Personal information
- Full name: Amadou Matar Coundoul
- Date of birth: 19 May 2002 (age 24)
- Place of birth: Guédiawaye, Senegal
- Height: 1.94 m (6 ft 4 in)
- Position: Forward

Team information
- Current team: Académica (on loan from Sporting Gijón)
- Number: 92

Youth career
- Diambars
- 2020–2021: Raíces

Senior career*
- Years: Team / Apps / (Gls)
- 2021–2024: Llanera / 64 / (36)
- 2023: → Montijo (loan) / 11 / (0)
- 2024–2025: Sporting B / 32 / (16)
- 2025–: Sporting Gijón / 15 / (1)
- 2026–: → Académica (loan) / 3 / (1)

International career
- 2019: Senegal U17 / 1 / (0)

= Amadou Coundoul =

Senegalese footballer (born 2002)

Amadou Matar Coundoul (born 19 May 2002) is a Senegalese footballer who plays as a forward for Liga Portugal 2 club Académica de Coimbra on loan from Spanish club Sporting de Gijón.

==Club career==
Born in Guédiawaye, Coundoul played for local side Diambars FC before being brought to Spain in 2020, where he played for CD Raíces as a youth.

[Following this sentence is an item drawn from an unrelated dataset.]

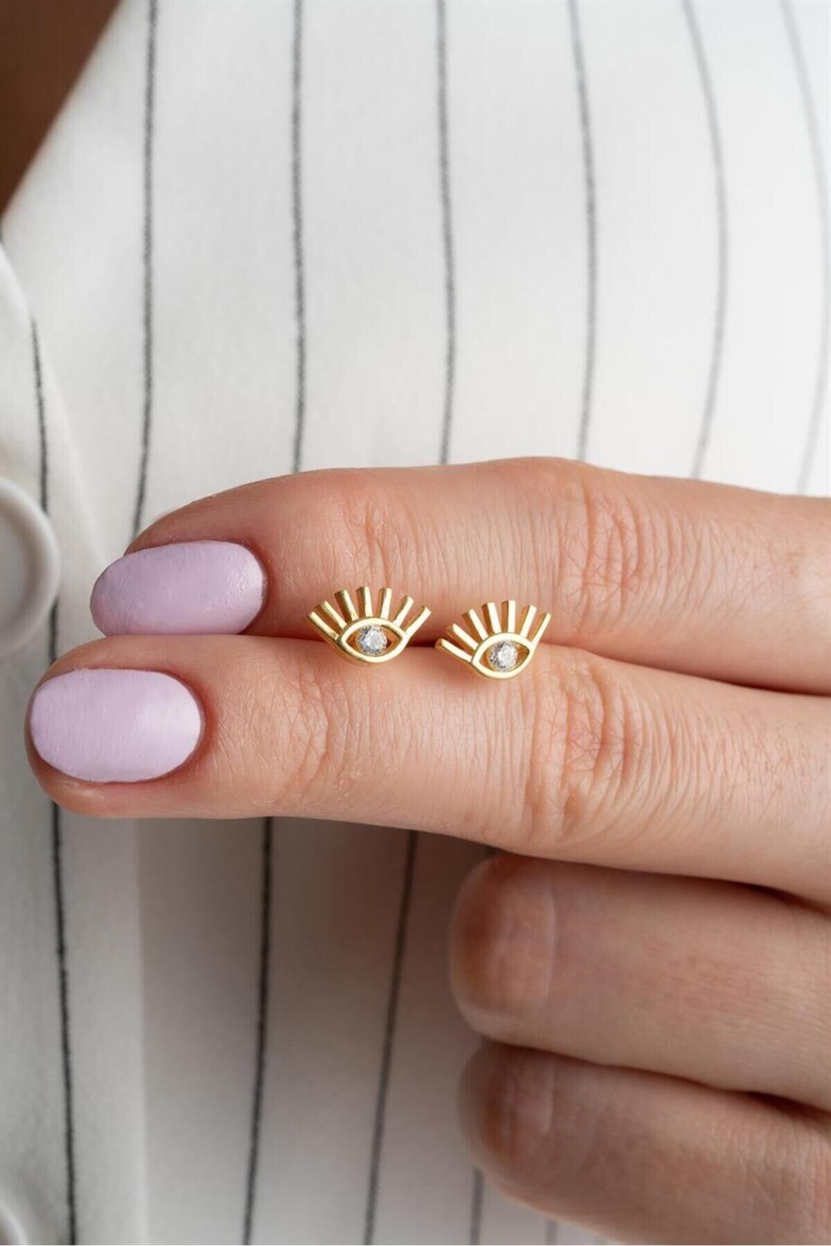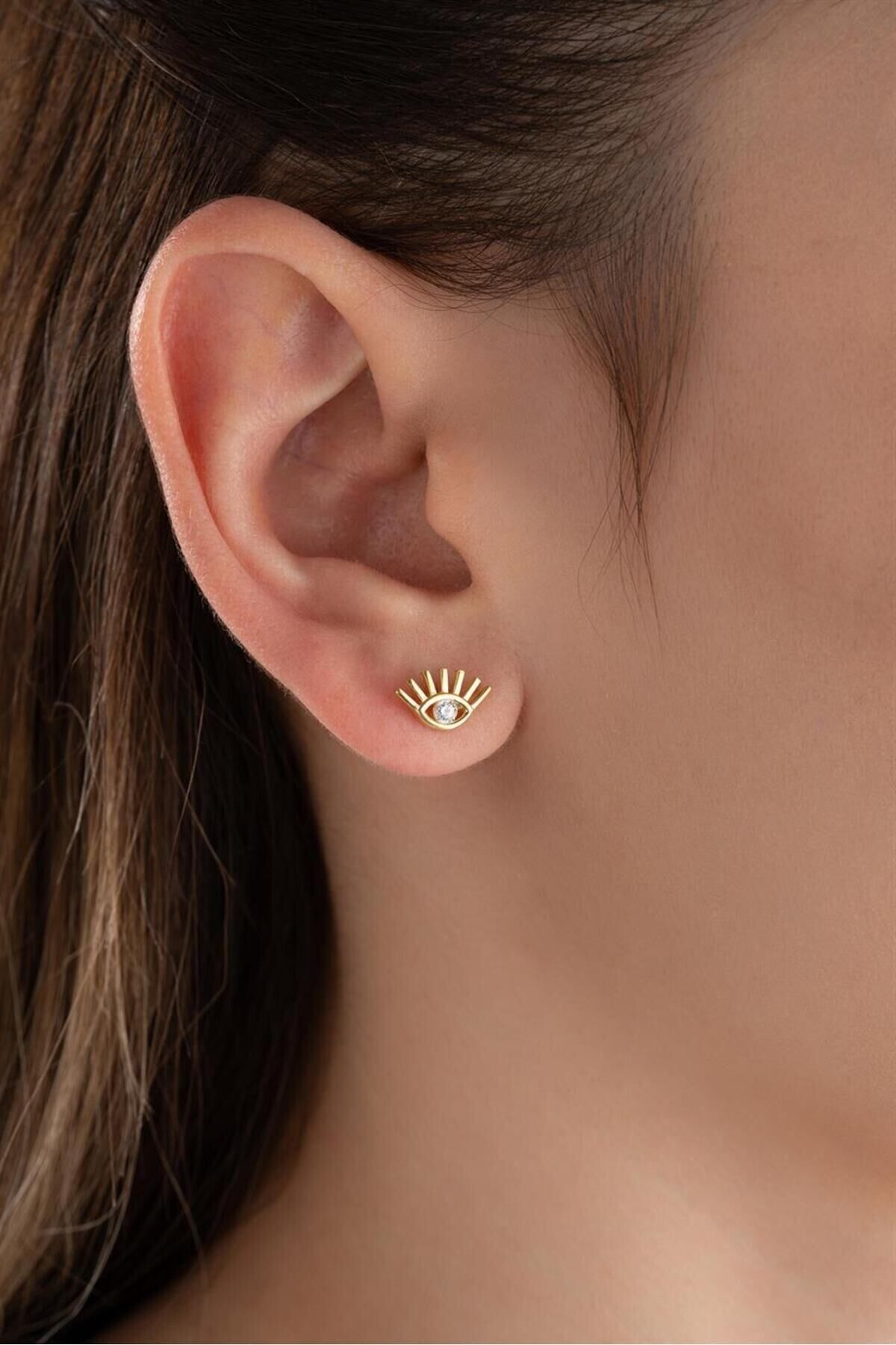 925 Ayar Gümüş Gold Damla Göz Küpe

In 2021, he joined Segunda División RFEF side UD Llanera.

On 12 January 2023, after suffering relegation with Llanera, Coundoul was loaned to UD Montijo in the fourth tier, until June. Back to his parent club in July, he scored 30 goals in just 34 matches during the 2023–24 season, and moved to Sporting de Gijón on 29 June 2024, being initially assigned to the reserves also in the fifth division.

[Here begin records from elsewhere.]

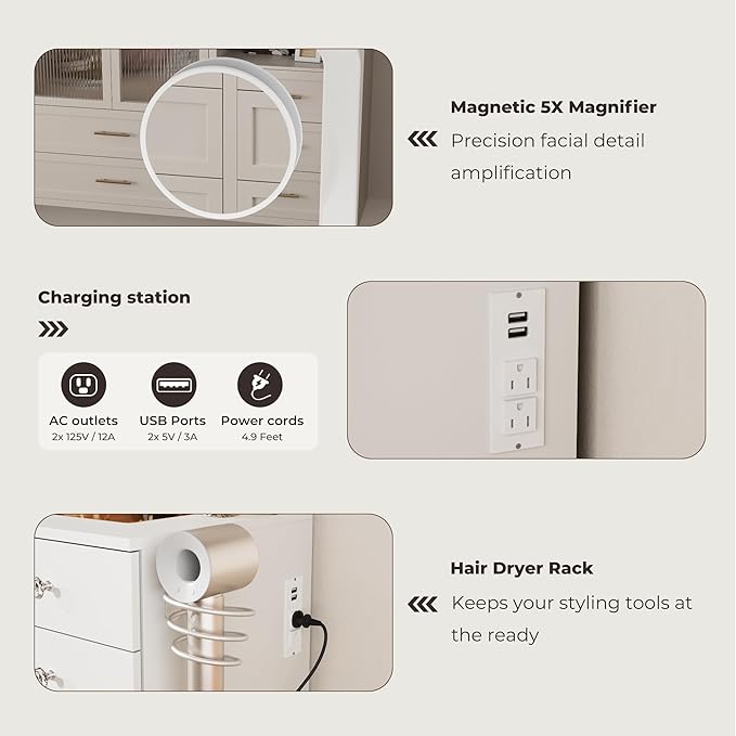 - 【Integrated Convenience Features】This makeup vanity desk with lights integrates modern conveniences. A built-in magnetic 5x magnifying mirror in the top right corner allows for detailed facial inspection, while the built-in charging station powers your devices. A dedicated hairdryer stand keeps styling tools within reach, and the 3-section soft-close drawer slides ensure silent, wobble-free operation—all designed for a premium dressing experience.
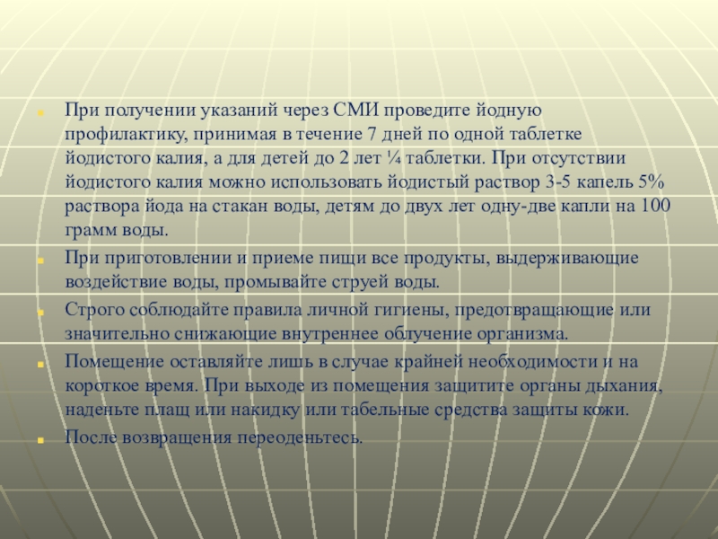 Слайд 13При получении указаний через СМИ проведите йодную профилактику, принимая в течение
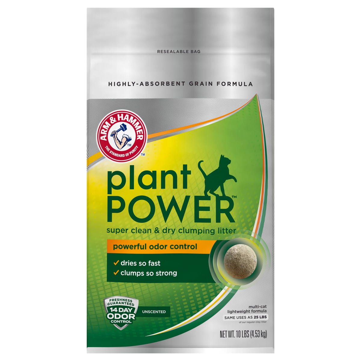ARM & HAMMER Plant Power Unscented Lightweight Clumping Cat Litter, 14-Day Odor Control for Multi-Cat Households, Super Absorbent Naturally Derived Corn & Wheat Formula, 10 Lbs
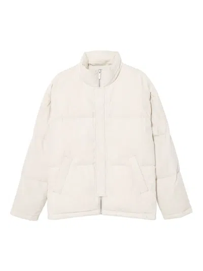 米白色 正面饰有纽扣与拉链 两个侧置平袋 长袖
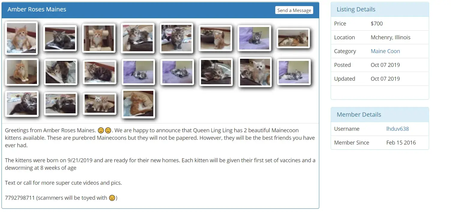 dont get scammed. this person showed us a fake pictures and when we got there tried to sell us a kitten that was not the picture texted. looked like a stray or barn kitten with mange. not kitten promised. google maine coon scams. shocked to see that there is a huge number of scams with people and these cats, we were almost scamedand dont want anyone else to go thru that.
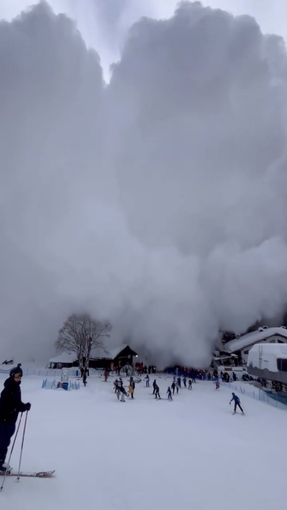 Many of the skiers at the chairlift in Val Veny initially stood still and watched as the fast-moving mass of snow barrelled towards them — but after it burst through a row of trees many started to try to flee as the cloud of powder completely enveloped them, the wild clip shows.
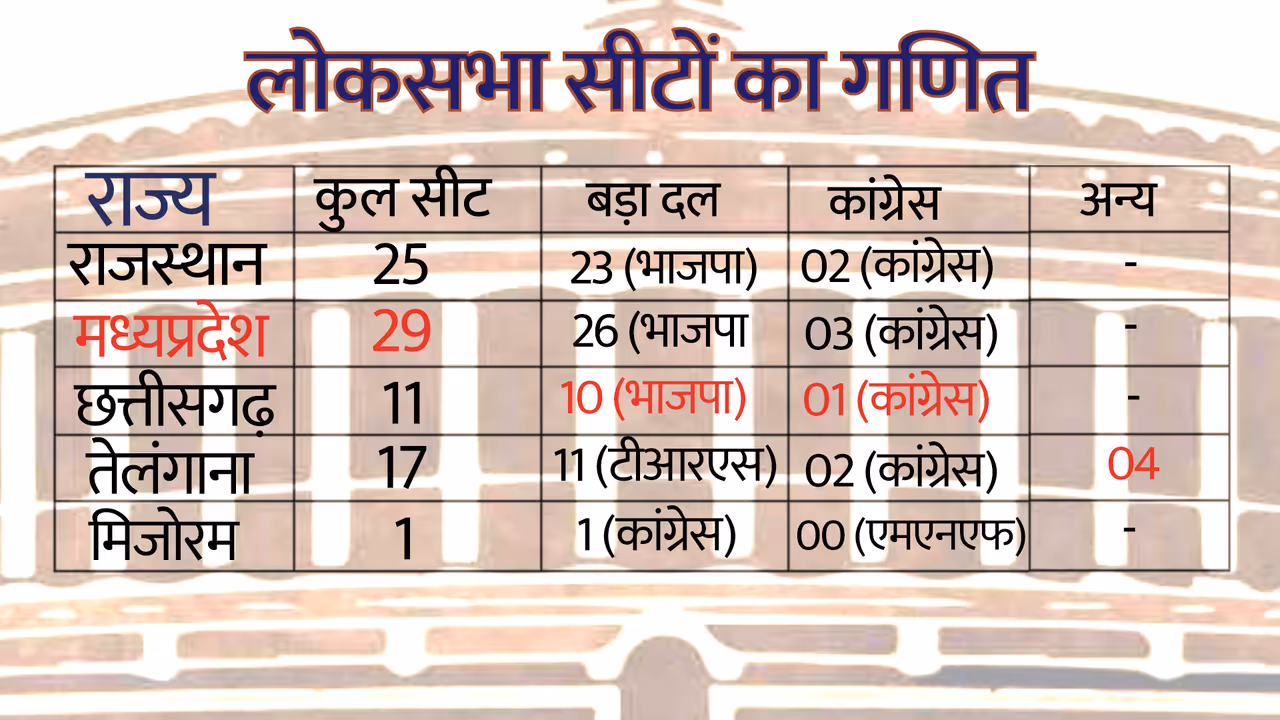 इस समय मध्य प्रदेश, राजस्थान और छत्तीसगढ़ में भाजपा की सरकारें हैं। मिजोरम में कांग्रेस की सरकार है। वहीं तेलंगाना में तेलंगाना राष्ट्र समिति सत्ता में थी। लेकिन वहां विधानसभा भंग की जा चुकी है। इन राज्यों में होने वाले चुनावों को 2019 के महासमर से पहले सेमीफाइनल माना जा रहा है।
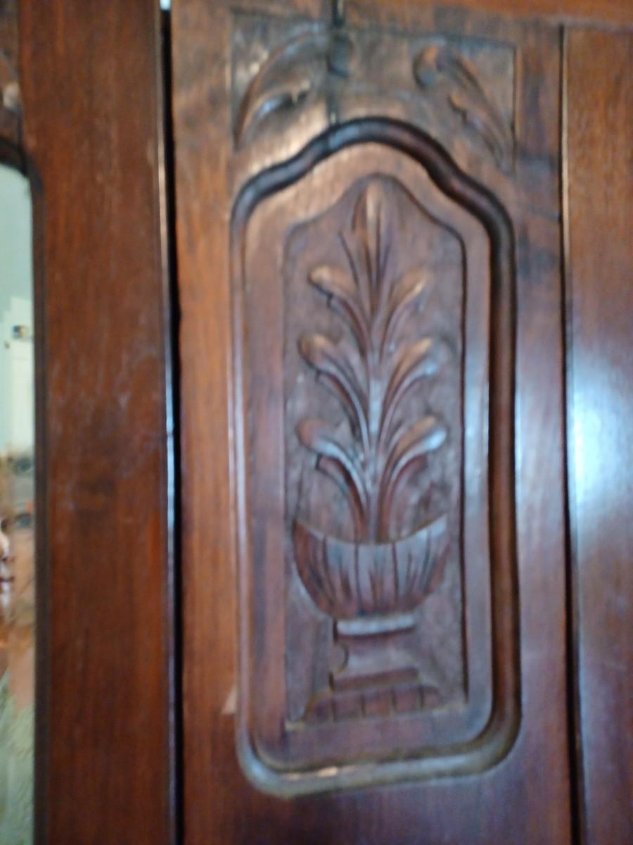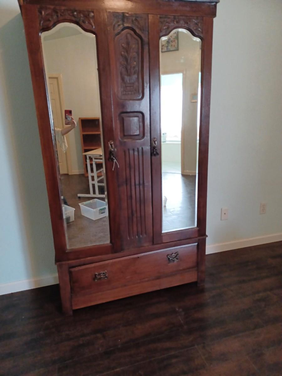 ANTIQUE ARMOIRE W BEVELED MIRRORS

Coundoul was the top scorer of Sporting Atlético during the 2024–25 campaign with 17 goals, and was called up to the first team in July 2025 for pre-season. On 12 August of that year, he signed a professional one-year contract with the main squad, with an option for a further three years.

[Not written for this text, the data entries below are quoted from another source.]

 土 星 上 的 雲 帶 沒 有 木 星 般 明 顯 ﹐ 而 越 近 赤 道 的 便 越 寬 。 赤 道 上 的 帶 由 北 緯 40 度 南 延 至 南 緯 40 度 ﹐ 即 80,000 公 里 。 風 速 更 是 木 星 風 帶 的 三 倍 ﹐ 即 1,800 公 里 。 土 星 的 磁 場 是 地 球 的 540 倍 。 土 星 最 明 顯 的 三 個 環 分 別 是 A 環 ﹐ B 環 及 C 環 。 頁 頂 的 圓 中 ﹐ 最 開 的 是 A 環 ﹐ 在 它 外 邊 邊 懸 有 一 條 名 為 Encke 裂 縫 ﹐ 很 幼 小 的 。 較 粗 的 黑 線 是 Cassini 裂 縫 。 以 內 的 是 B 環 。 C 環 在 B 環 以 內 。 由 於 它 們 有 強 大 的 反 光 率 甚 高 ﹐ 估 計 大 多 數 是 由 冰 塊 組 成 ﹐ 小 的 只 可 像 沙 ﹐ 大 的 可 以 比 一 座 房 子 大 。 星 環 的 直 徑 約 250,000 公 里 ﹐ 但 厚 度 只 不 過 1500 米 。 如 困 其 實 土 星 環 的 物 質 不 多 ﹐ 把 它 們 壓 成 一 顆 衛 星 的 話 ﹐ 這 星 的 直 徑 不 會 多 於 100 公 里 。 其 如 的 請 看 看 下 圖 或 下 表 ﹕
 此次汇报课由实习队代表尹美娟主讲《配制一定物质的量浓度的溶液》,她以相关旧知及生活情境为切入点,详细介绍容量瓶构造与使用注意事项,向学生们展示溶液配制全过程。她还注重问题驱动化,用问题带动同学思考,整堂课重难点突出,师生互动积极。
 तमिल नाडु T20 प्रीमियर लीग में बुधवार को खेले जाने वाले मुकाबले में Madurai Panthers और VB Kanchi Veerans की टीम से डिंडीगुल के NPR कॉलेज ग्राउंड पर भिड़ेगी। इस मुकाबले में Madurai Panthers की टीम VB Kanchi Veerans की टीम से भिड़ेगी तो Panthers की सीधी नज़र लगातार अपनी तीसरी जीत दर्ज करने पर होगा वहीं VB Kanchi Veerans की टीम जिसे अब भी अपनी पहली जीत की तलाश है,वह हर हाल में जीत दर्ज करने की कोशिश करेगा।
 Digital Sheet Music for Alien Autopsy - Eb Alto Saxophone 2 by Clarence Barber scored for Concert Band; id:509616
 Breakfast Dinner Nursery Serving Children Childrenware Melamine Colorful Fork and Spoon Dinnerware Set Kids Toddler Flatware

Coundoul made his professional debut on 23 August 2025, coming on as a late substitute for Juan Otero in a 1–0 Segunda División away win over AD Ceuta FC. On 29 July of the following year, after being sparingly used, he was loaned to Liga Portugal 2 side Académica de Coimbra for one year, with a buyout clause.

==International career==
In 2019, Coundoul was called up to the Senegal national under-17 team.